The introduction of the National Disability Scheme (NDIS) was meant to change many things for the disabled, their families, and carers, every 12 months you are trying to prove the existence of the disability, forever having to justify your child's needs.
The NDIS planners are uneducated within the disability and or medical field (TAT medical and care advice arent making advice on individual requirements, assessments are made on what would ordinarily be expected of a condition, not based on co-morbidities how they impact each other and or the care requirements, not all children and diagnosis and or prognosis along with treatment plans are the same)
The expectation on parents can be horrific and should be assessed based on what is expected and what opportunities are available for work etc of the everyday family, and support should be allocated and assigned based on that parents and caregivers should have the ability to work if they choose even if the child is an infant, as the everyday ordinary family has the opportunity or choice to leave the infant at a child care centre from birth. The parents in these circumstances don’t have that opportunity.
Some parents develop PTSD, Anxiety as they have seen their children in traumatic, life-and-death situations.
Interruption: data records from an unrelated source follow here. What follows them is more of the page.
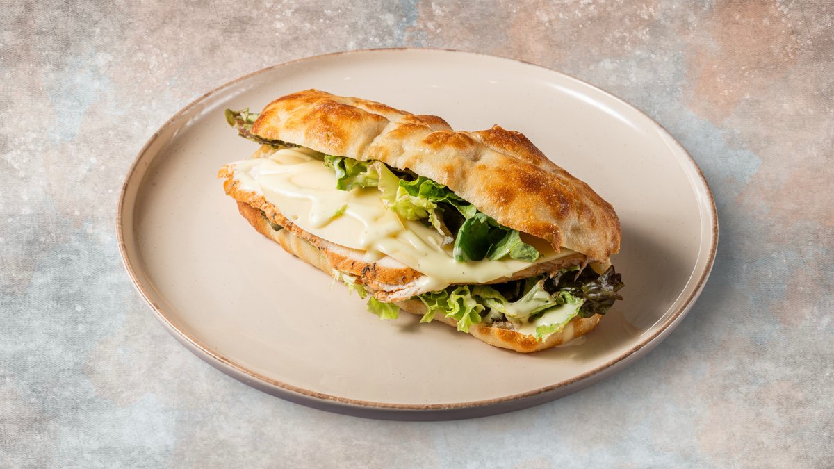 Με ζουμερή ταλιάτα από στήθος κοτόπουλο ψημένο με μπαχαρικά, γκρατιναρισμένη με καπνιστή γραβιέρα, αρωματική mayo μαύρης τρούφας και εκλεκτά πράσινα λαχανικά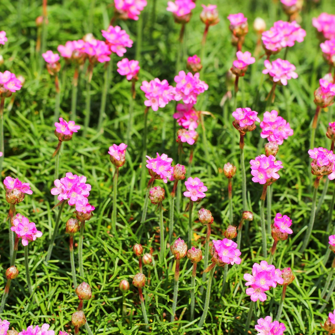 Die Armeria maritima 'Splendens' ist eine kompakte Staude mit dunkelgrünem, grasartigem Laub und auffälligen, kugelförmigen Blütenrispen in leuchtendem Rosa. Sie verschönert Deinen Garten im späten Frühling und während des Sommers und bietet durch ihre Form sofort Struktur und Farbakzente. Vorteile: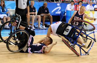 輪椅籃球隊(duì)員摔倒后又奮力起身繼續(xù)投入比賽的那一刻,他們的拼搏精神都會(huì)贏得觀眾經(jīng)久不息的掌聲。新華社記者:李紫恒 攝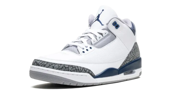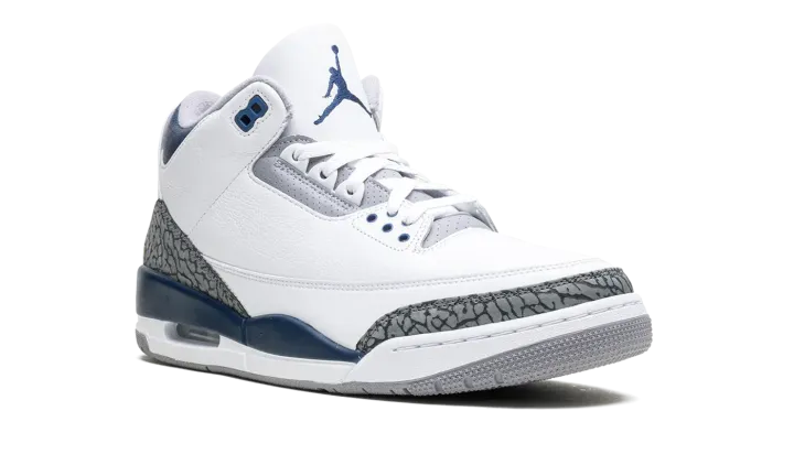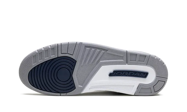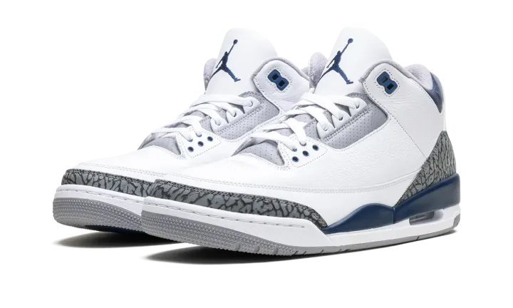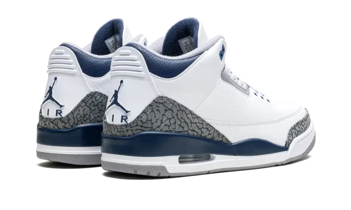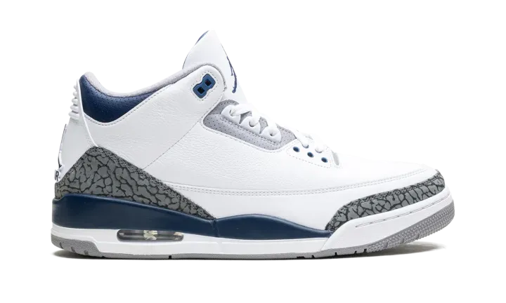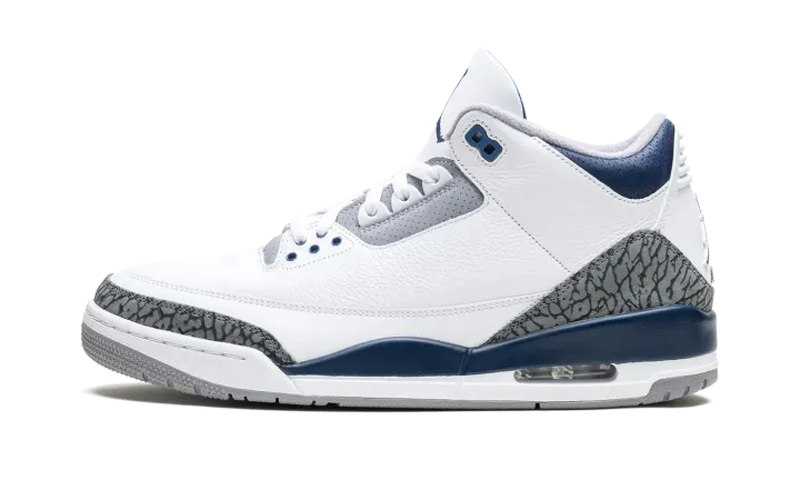 The Air Jordan 3 "Midnight Navy" is a colorway of the retro basketball shoe with navy accents. Michael Jordan's third signature shoe in the "Midnight Navy" colorway features a white leather upper with elephant print overlays on the toe and heel. A Midnight Navy-colored mudguard contrasts the look, as do the Midnight Navy eyelet holes. More Midnight Navy accenting is featured on the Jumpman on the white leather tongue and on the Jumpman on the heel. The white midsole has a visible Air bubble in the heel. A grey rubber outsole completes the look. Release date: January 13, 2024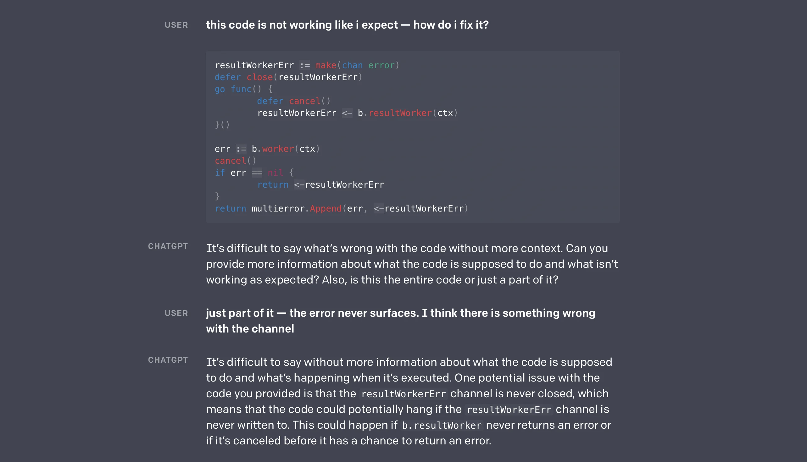 อีกตัวอย่างที่น่าสนใจคือ ช่วยแนะนำการเขียนโปรแกรม โดย USER คนหนึ่งนำโค้ดที่เขียนไปถาม ChatGPT บอกว่าโค้ดพวกนี้ไม่สามารถทำงานได้ ความผิดพลาดเกิดจากตรงไหน สิ่งที่ ChatGPT ทำคือขอข้อมูลเพิ่มเติมจาก USER เพราะ ChatGPT บอกว่าข้อมูลแค่นี้ไม่เพียงพอ ยากแก่การตัดสินใจ จน USER ค่อยๆ ให้ข้อมูลเพิ่มขึ้น และ ChatGPT ก็แนะนำวิธีเขียนโค้ดอีกแบบที่อาจแก้ปัญหาได้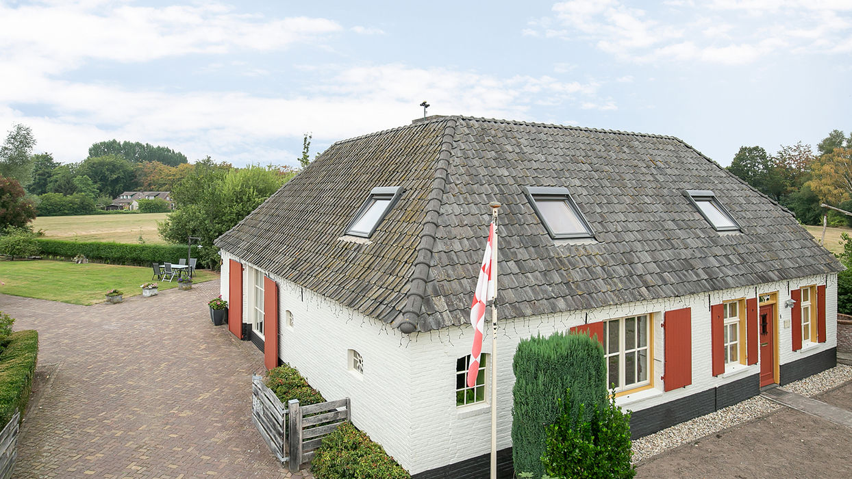 Ook hier stralen de rode deuren je tegemoet in mooi contrasterende witte omlijsting. Hier vind je de drie overige slaapkamers, elk zeer ruim ondanks het schuine dak. Dankzij de hoge hoek van het dak blijft er overal een boel loopruimte over en hoef je er nauwelijks rekening mee te houden qua inrichting.

They had been with them in their painful surgeries and enervating months and years of rehabilitation. Parents of ventilated children and or tracheotomy or overnight care requirements have no peace of mind, risking their health due to sleep loss and exhaustion.
NDIS should provide allocated support for Mental health support of parents and or caregivers, they should have a key responsibility to ensure planning covers the ability of parents to have self-care, as burnout of parents is significant.
Our parents have had to fight hard for their children to involve them in daily life activities and regular-based programs at schools. Helping to develop and maintain friends for your child can be difficult and heartbreaking.
You can lose hope as your once plan of having children didn’t look like this instead it resulted in grief and sorrow because the parenting, they expected turned into something they had never thought. With time, they get emotionally, socially, physically, mentally exhausted, and depleted.
Parents have had to suffer the taunting nature of society against their children. They may say nothing but we see the stares. Inclusion has certainly come a long way, needs to come a lot further.
Parents have put their lives on hold. Parents need more offered support, financially, physically, and emotionally from the beginning As a parent accepting diagnosis and your new life and the emotions that go with that can reduce depression and stress in parents with children suffering from disabilities, and Self-compassion may fuel parent resiliency. In 2014 Pediatrics study showed: Peer-led groups treat distress in parents of kids with autism. Over the last decade, studies had shown that parents of children with a range of disabilities leading to medical and psychological issues like cerebral palsy, autism, and Down syndrome have higher rates of depression and stress than other parents. This 2013 Australian report provides a good overview of our unique mental health challenges: Enhancing support for the mental health of parents and careers of children with disabilities. The most evident resource needs involve health care. Disabled children require not only high-quality primary care, but often require multifaceted specialized care on a long-term basis. Ideally, children with complicated cases will have a team of specialists who work together in a multidisciplinary approach.